I have not tried the dummy mac address workaround so I can’t confirm that works. This is difficult to troubleshoot because as soon as we poke and prod, the services revive. Here’s what’s brought it back to life.

  • docker restart <container>
  • iptables-save tmpfile; service iptables restart; iptable-restore
  • service docker restart (more shotgun approach to the docker container restart)

I think the common thing between these is that docker reconfigures the iptables in each case. If it’s not an docker issue directly (iptables) I believe this is a docker networking design issue and should be looked into at the very least.

FWIW we were able to eliminate DNS issues we had on larger machines that performed a high rate of DNS resolution by running a local cache (dnsmasq). It’s been a few months, but I believe this was related to some kind of port exhaustion. These would stack up in the conntrack table and once hit 65Kish things would go south.

@brudrafon Thanks for the info.

The symptoms here are very subtly different than the article you posted. The article describes the symptoms as the host losing connectivity. In this case, the docker containers are the instances that lose connectivity, not the host.

For example, I have a single host running 5 containers container a on port 3000 container b on port 3001 etc…

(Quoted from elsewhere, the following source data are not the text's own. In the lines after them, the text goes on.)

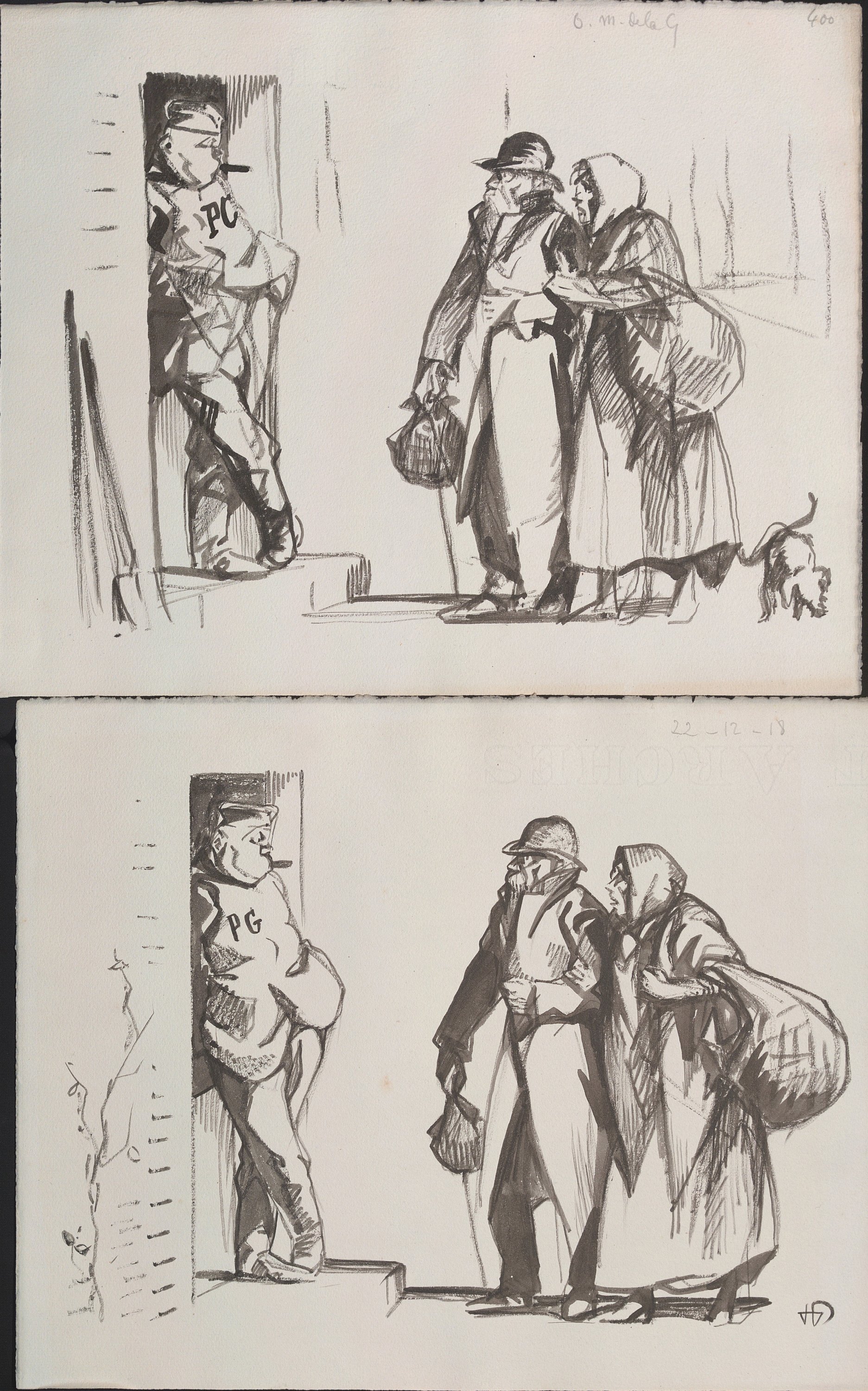 Il s’agit à la fois des ébauches, dessins préparatoires ou maquettes abouties en vue de leur publication dans la presse dont le journal « La Victoire - quotidien révisionniste: organe de la république autoritaire et plébiscitaire » sous la direction de Gustave Hervé paru à partir du 1er janvier 1916.
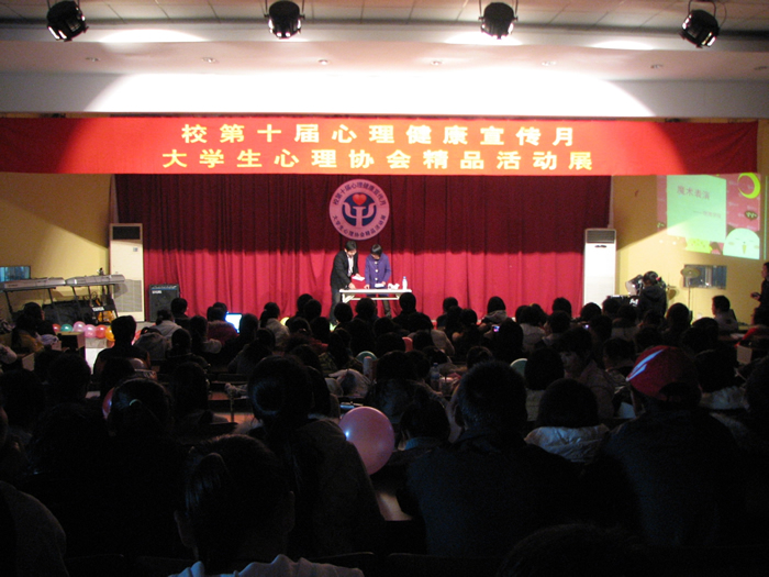 11月14日下午,由校心理健康教育中心主办、校大学生心理协会承办的第十届心理健康宣传月大学生心理协会精品活动展在文汇路校区科技报告厅举行。校学生处副处长赵春丹老师、校心理健康教育中心主任周春开老师等出席活动。
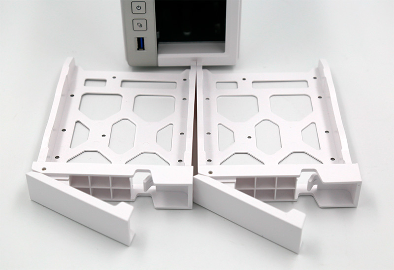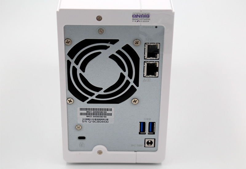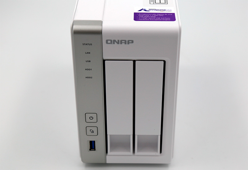 Металлический корпус, белый и серый матовый пластик. На верхней части наклейка, показывающая, какой диск является первым (это важно, на него устанавливается конфигурация). На передней панели находятся пять светодиодов: режим работы, сеть, подключенные по USB устройства и два установленных в NAS диска. Цветом и режимом мигания светодиоды могут сообщать об определенных проблемах. Также о состоянии устройства и о проблемах сообщают определенные сигналы зуммера.
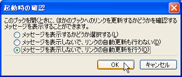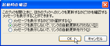 - 「メッセージを表示しないで、リンクの自動更新も行わない」を選択し、[OK]をクリック
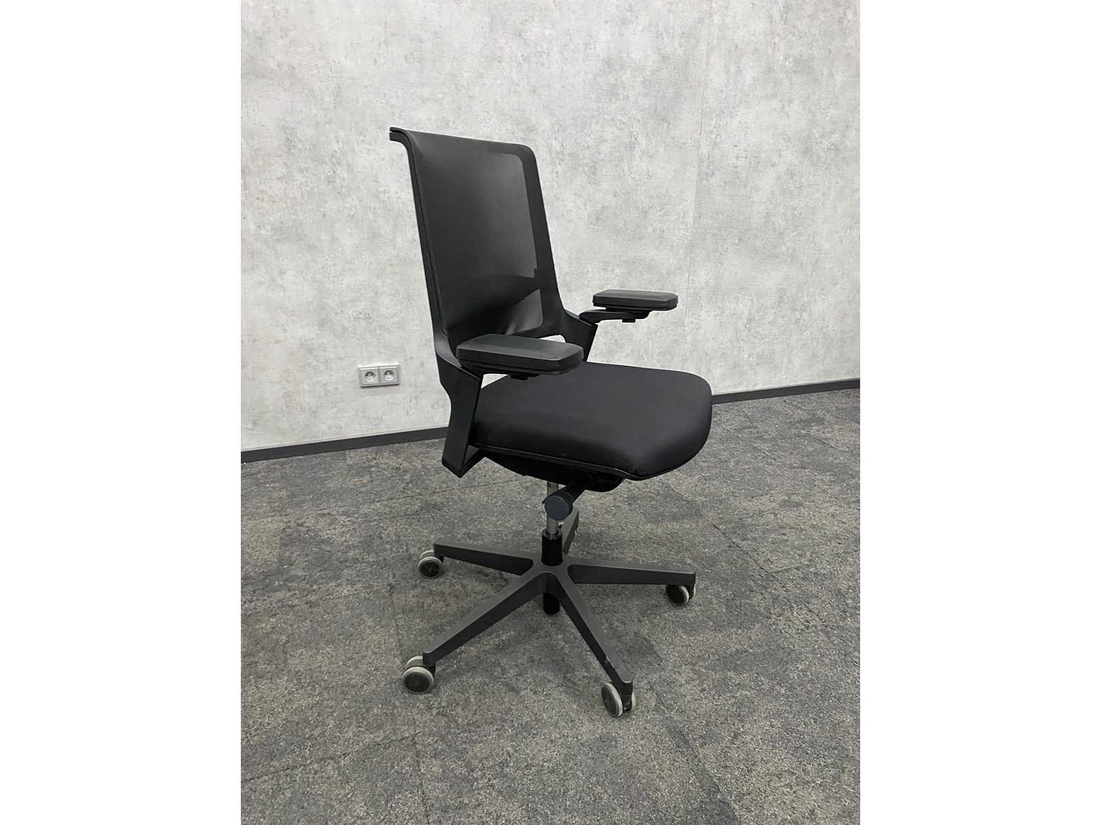 V.v. 4D verstelbare armleggers, zithoogte en zitdiepte instelbaar, actief zitten, zwart netweave rugbekleding, zwart gestoffeerd zitvlak, lendensteun. Nee Merk: Interstuhl Movy Kleur: zwart
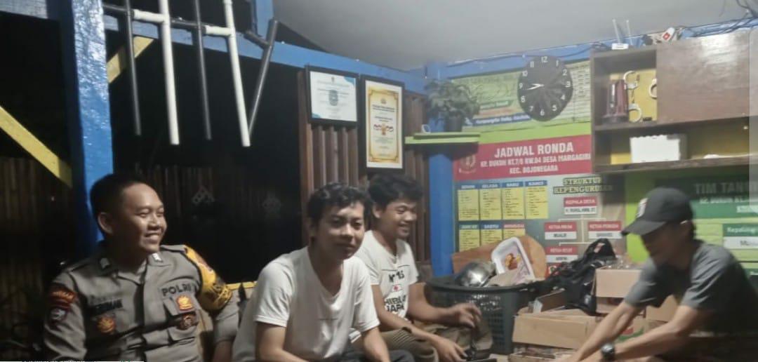 Cilegon ~ Dalam upaya menjaga situasi kamtibmas tetap kondusif,Bhabinkamtibmas Polsek Bojonegara Polres Cilegon Polda Banten,  Bhabinkamtibmas Desa Margagiri melaksanakan kegiatan kontrol dan pemantauan ronda malam,di sejumlah pos ronda warga yang berada di wilayah binaannya, Minggu (16/11/2025).
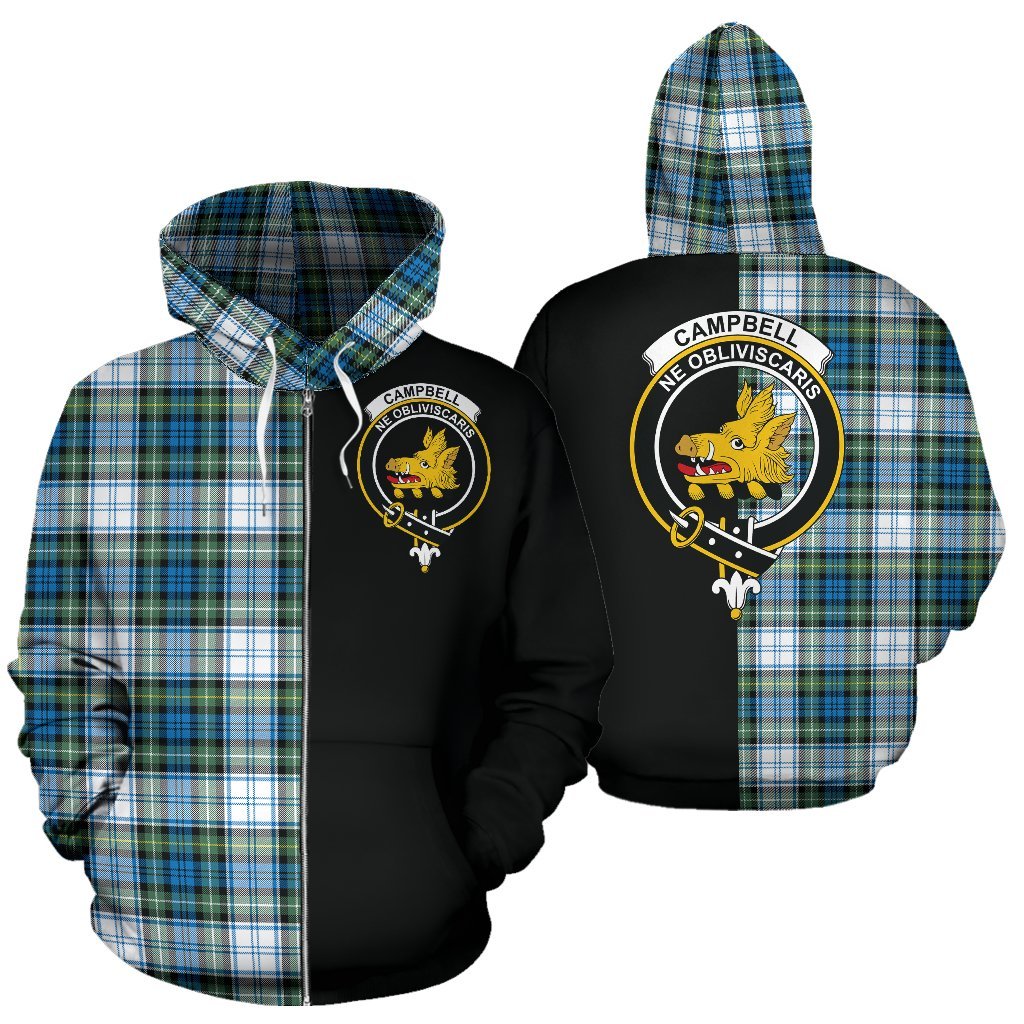 Campbell Dress Ancient Tartan Crest Zipper Hoodie - Half Of Me Style
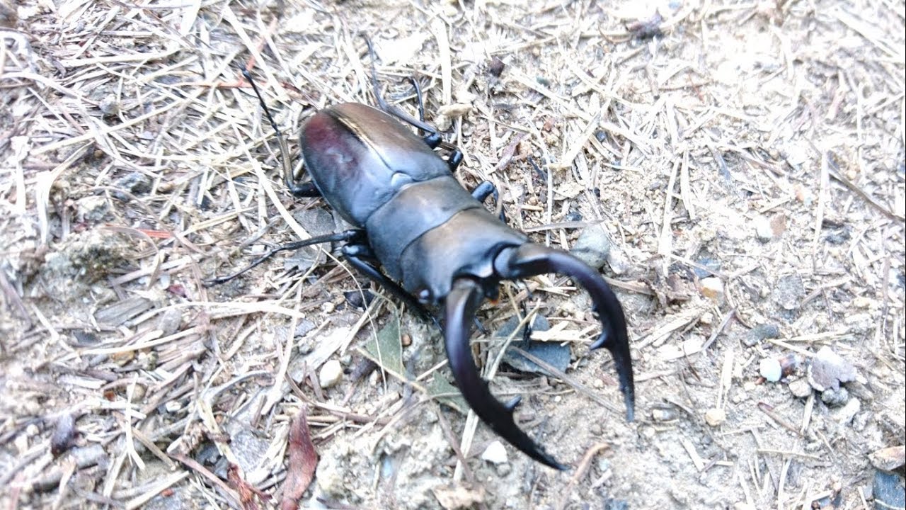 ペットと動物雑木林で木から下りてくるノコギリクワガタを発見しました。
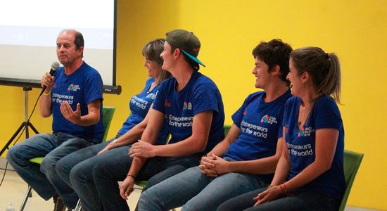 Los iniciadores del proyecto “Entrepreneurs for the World” (Emprendedores por el Mundo), hicieron una pausa en el Parque de Innovación donde hablaron sobre la iniciativa que les llevó a dejarlo todo y montarse en la camioneta familiar, para recorrer el mundo. El objetivo de su travesía, explicaron, consiste en reunirse con la mayor cantidad de emprendedores posibles para conocer sus propuestas y la manera en que las están llevando a cabo, para luego generar una red global que establezca conexiones entre personas que estén desdoblando proyectos similares, de tal manera que puedan compartir buenas prácticas y apuntalar sus labores.
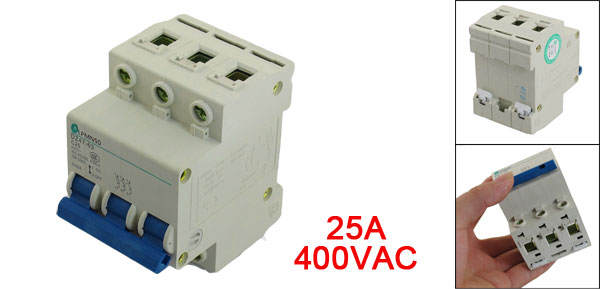 Product Name Circuit Breaker Model Number DZ47-63 C25 Rated Circuit Breaking Capacity 6000A Rated Current 25A Rated Voltage 400VAC Number of Poles 3 Mounting Rail Size 35mm DIN Dail Total Size (Approx) 7.6 x 5.4 x 7.7cm/ 3" x 2.1" x 3" (L*W*H) Material Plastic, Electric Components Color As Picture Shown Weight 233g Package Content 1 x Circuit Breaker - Reviews

The symptoms are any one random container is suddenly unable to make outgoing calls in a timely fashion. The container is receiving requests but is not able to respond because it is unable to communicate with dependent services (e.g. DNS, DB, etc.) DNS being the most obvious example. Some, none, or all containers may or may not fail at the same time. All while this is happening, connectivity to/from the host remains unaffected. Restarting the docker daemon works around the issue temporarily but only delays the inevitable.

I will give the info in the article a try though but even if it helps it is still just a workaround. Docker really must either fix this in their project or champion the upstream fix in the bridge driver.